Tessa pulled two tiny shopping bags from within her bigger one. “Merry Christmas,” she announced to her partners. “Don’t open these until tomorrow, okay? It’s a rule in my house—no gifts early.”
“Promise,” said Ama.
“Scout’s honor,” said Natalie, holding up three fingers in salute.
Tessa glanced around. “I guess if nothing’s happening here, I’ll just go home and pack,” she said.
“Good idea,” said Natalie. “Beat the holiday traffic.”
“No sense in hanging around, is there?” said Tessa, who was still lingering in one spot. Ama and Na
talie exchanged glances.
Tessa sighed. “All right,” she said. “I know he’s not here today. He won’t be back until after the holidays, and I’ll be fine. Even if he’s… dating Mac… I’ll be fine. He’s my friend, and my business partner, and I know how to be mature about this. I am a reformed romantic, after all. I just kind of… had a misstep.”
“Come here.” Natalie opened her arms and motioned Tessa forward.
“I’m all right.”
“I know, but come here anyway,” said Natalie. “You too, Ama. Reel it in. This is the last time we’ll see each other this year.” She put her arms around Tessa’s shoulders and Ama’s, the sleeve of Tessa’s shirt sliding around the back of Natalie’s sweater in return. Ama squeezed them both closer in the group hug, until a giggle escaped Tessa.

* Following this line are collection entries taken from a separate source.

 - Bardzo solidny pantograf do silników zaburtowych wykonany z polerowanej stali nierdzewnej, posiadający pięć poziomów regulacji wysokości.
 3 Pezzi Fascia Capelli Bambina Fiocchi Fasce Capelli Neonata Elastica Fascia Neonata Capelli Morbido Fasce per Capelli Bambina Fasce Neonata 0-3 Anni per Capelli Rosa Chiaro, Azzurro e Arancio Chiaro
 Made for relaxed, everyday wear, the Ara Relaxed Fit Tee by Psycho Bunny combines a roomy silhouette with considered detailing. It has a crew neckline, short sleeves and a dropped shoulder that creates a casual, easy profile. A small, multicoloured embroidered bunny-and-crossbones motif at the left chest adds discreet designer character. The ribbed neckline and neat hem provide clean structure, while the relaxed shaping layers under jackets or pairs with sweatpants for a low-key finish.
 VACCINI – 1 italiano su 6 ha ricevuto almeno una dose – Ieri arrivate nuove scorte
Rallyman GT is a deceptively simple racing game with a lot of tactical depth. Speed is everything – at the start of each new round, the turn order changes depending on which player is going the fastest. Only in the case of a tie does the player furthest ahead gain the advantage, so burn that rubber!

“That’s enough,” said Tessa, breaking the circle a moment later. “I have to go, and you both have plans for today, too. So I’ll see you in a week, right?”
“A week,” said Ama.
“When we’re all living out our New Year’s resolution to give up chocolate and sugar,” said Natalie, who rummaged through her shopping bag, handing Tessa a box of truffles trimmed with a Christmas bow. “It’s insane how many calories are in a chocolate truffle. And when I think of my mom’s cream cake slices topped with those white chocolate ones—”
“Do you know how many cups of cocoa I drink during Christmas week?” asked Ama, echoing Natalie’s dismay. “It’s, like, a whole day’s calories when you add in the marshmallows.”

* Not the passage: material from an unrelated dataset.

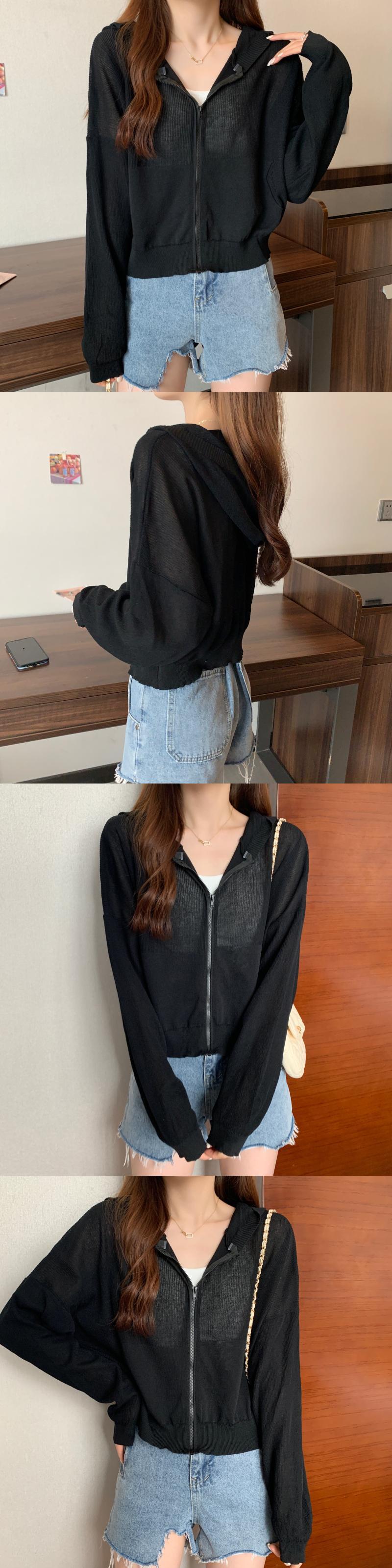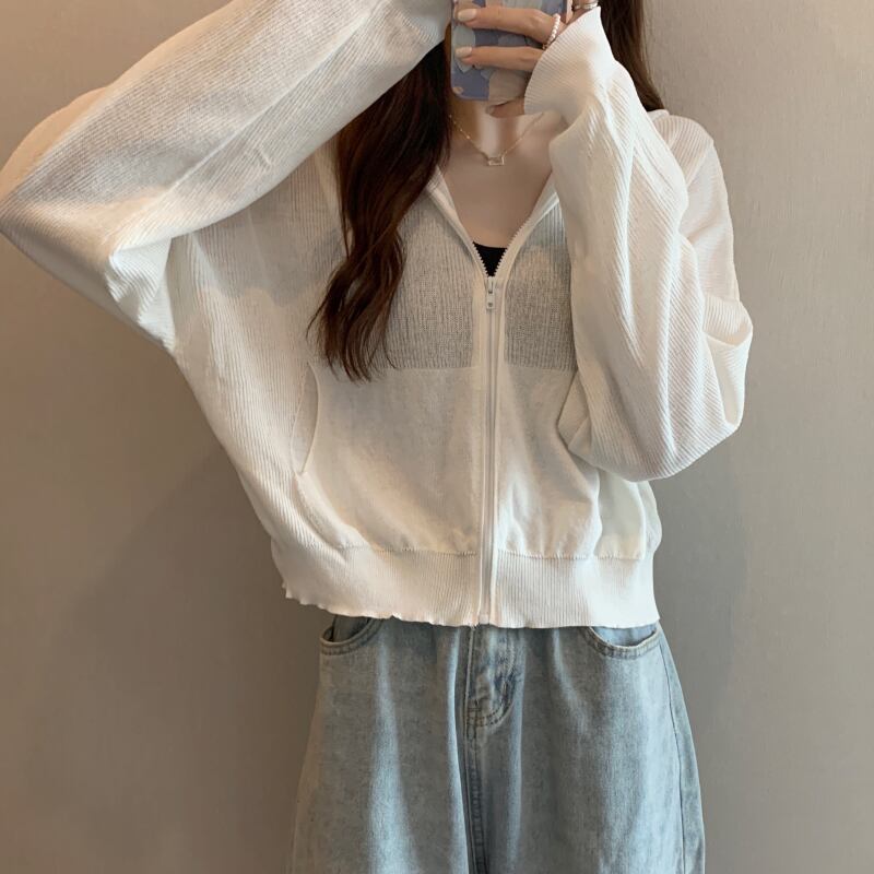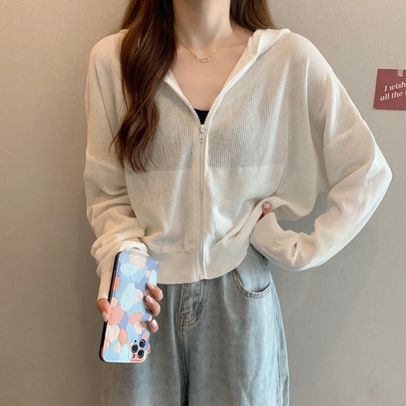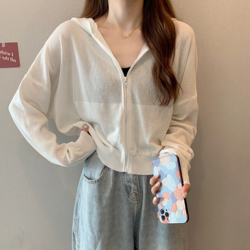 夏のホワイトアイスシルク日焼け止め薄手のニットカーディガン女性のフード付き気質エアコンシャツ長袖ブラウストップコート ロング サマー 夏物 7460040982463855 | framboise21
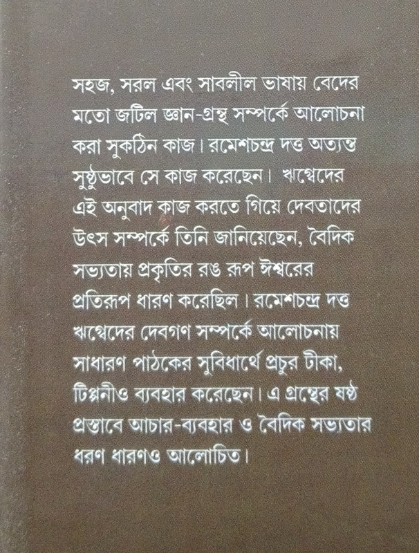 সহজ, সরল এবং সাবলীল ভাষায় বেদের মতো জটিল জ্ঞান-গ্রন্থ সম্পর্কে আলোচনা করা সুকঠিন কাজ। রমেশচন্দ্র দত্ত অত্যন্ত সুষ্ঠুভাবে সে কাজ করেছেন। ঋগ্বেদের এই অনুবাদ কাজ করতে গিয়ে দেবতাদের উৎস সম্পর্কে তিনি জানিয়েছেন, বৈদিক সভ্যতায় প্রকৃতির রঙ রূপ ঈশ্বরের প্রতিরূপ ধারণ করেছিল। রমেশচন্দ্র দত্ত ঋগ্বেদের দেবগণ সম্পর্কে আলোচনায় সাধারণ পাঠকের সুবিধার্থে প্রচুর টাকা, টিপ্পনীও ব্যবহার করেছেন। এ গ্রন্থের ষষ্ঠ প্রস্তাবে আচার-ব্যবহার ও বৈদিক সভ্যতার ধরণ ধারণও আলোচিত।

Tessa lifted her coat and scarf, and her shopping bags from the foyer. From the pocket of her coat, she slipped another package wrapped in holiday paper. She placed it near the back of the tree, hiding its tag from sight so the girls wouldn’t see the capital ‘B’ at the beginning of the recipient’s name. It was just a Christmas present to a friend, and there was a strong chance Blake would never notice it when he stopped by to collect his tools… but it wouldn’t do to have them thinking it was a desperate gesture on her part. It wasn’t as if a silly handyman-themed silk tie would make him see her differently.